И, получив подписанные строгим ментом повестки, Васька с Ёжиком пробкой вылетели из РОВД.
Дурной сон жизни поджидал их только уже через годы… Как и первый вещий сон Мелкого, который приснился ему в девичьей горенке херсонских посудомойщиц, уложивших Мелкого прямо на полу на какой-то давно изношенной женской шубе из цигейки. Похоже, что и херсонские затворницы интерната уже точно не знали. Как она к ним попала. А тем более Мелки, которому в уголке казенной девичьей комнатки внезапно приснился сон.
Рыжий да половый в волосах своих Мелкий был сразу с детства со странно испитым еще в предках лицом, словно иссечен осколками лунного реголита с многочисленными, явно возрастными веснушками-конопушками.

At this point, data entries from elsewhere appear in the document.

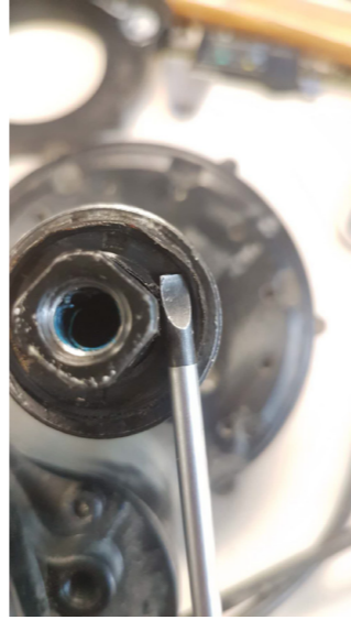
2. Remove rubber seal Small flat screwdriver under lip
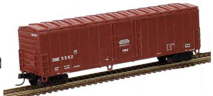
Dakota, Minnesota & Eastern
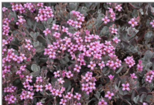
Flower Dust Plant flowers

С ними в то время он жил, и с ними и по жизнь ходил… Правда, и у Шкиды с веснушками было неплохо, но они оттеняли только наметившуюся на его щеках красноватую древнего иудея, сплошь состоявшую из его предков из всяческих канторов, ребе и раввинов, о которых он, к сожалению, в подростковом возрасте был еще мало наслышан. Эти предки обещал проявить себя только потом, а вот Мелкий никогда не рассчитывал на потом, и уже с детства напоминал волосами соломенную сельскую стреху давно неухоженного сельского дома. Словно сам по себе он был живорожденной такой себе хаткой в три латки, от которой исходили и хлебный дух и какая-то щемящая далеко не детская боль.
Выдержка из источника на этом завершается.